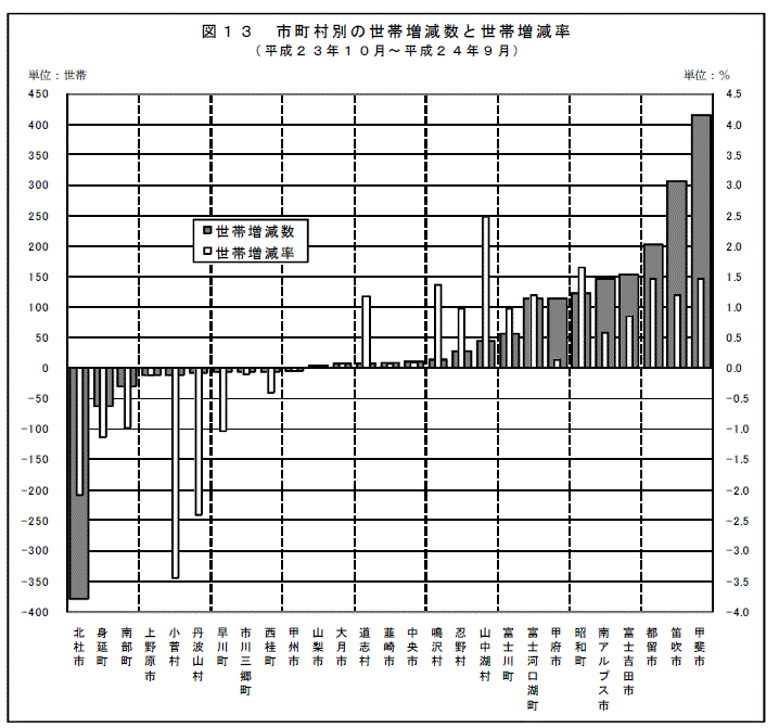 増加した市町村は甲斐市(416世帯)、笛吹市(307世帯)、都留市(202世帯)、富士吉田市(153世帯)等の順であり、増加率では、山中湖村(2.48%増)が最も高く、次いで昭和町(1.65%増)、都留市及び甲斐市(1.47%増)、鳴沢村(1.36%増)等の順となっている。
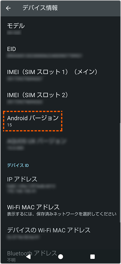 - ※「端末情報」や「ソフトウェア情報」等と表示される機種もあります。
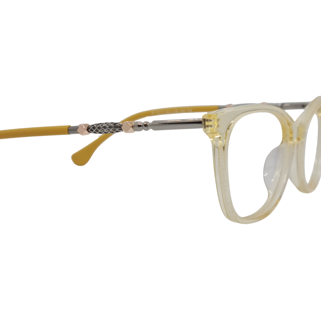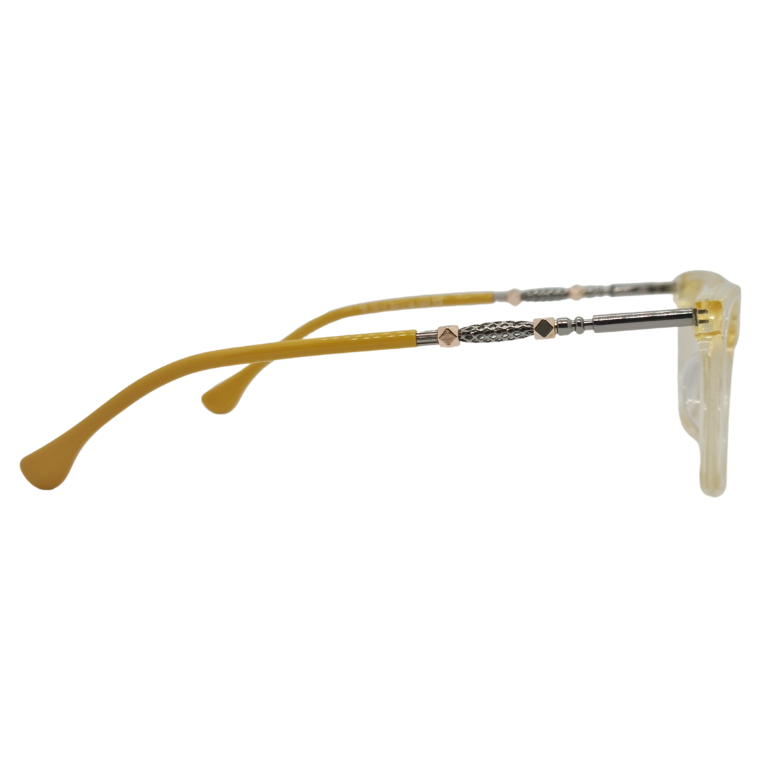 Com estrutura em acetato resistente, a armação quadrada na cor amarelo transparente traz um toque sofisticado e descontraído, perfeito para quem deseja um visual leve e atual.
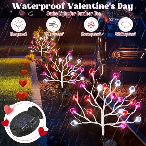 ❤️2 Pack Solar Valentine’s Day Lawn Light: the solar heart stake light outdoor waterproof is made of quality PVC material, more durable and not easy to get rust; The maintenance free solar lawn light is easy to assemble, with no wiring or external power required, simply assemble the tree light and stake and find the solar panel switch and turn it on, finally plug it into the soil to decorate your garden; The 2 piece design adds to your festive atmosphere

#### TASK DIRECTIONS:
Output, word for word, the full listing above, with no pictures.

#### RESPONSE TO THE TASK:
 増加した市町村は甲斐市(416世帯)、笛吹市(307世帯)、都留市(202世帯)、富士吉田市(153世帯)等の順であり、増加率では、山中湖村(2.48%増)が最も高く、次いで昭和町(1.65%増)、都留市及び甲斐市(1.47%増)、鳴沢村(1.36%増)等の順となっている。
 - ※「端末情報」や「ソフトウェア情報」等と表示される機種もあります。
 Com estrutura em acetato resistente, a armação quadrada na cor amarelo transparente traz um toque sofisticado e descontraído, perfeito para quem deseja um visual leve e atual.
 ❤️2 Pack Solar Valentine’s Day Lawn Light: the solar heart stake light outdoor waterproof is made of quality PVC material, more durable and not easy to get rust; The maintenance free solar lawn light is easy to assemble, with no wiring or external power required, simply assemble the tree light and stake and find the solar panel switch and turn it on, finally plug it into the soil to decorate your garden; The 2 piece design adds to your festive atmosphere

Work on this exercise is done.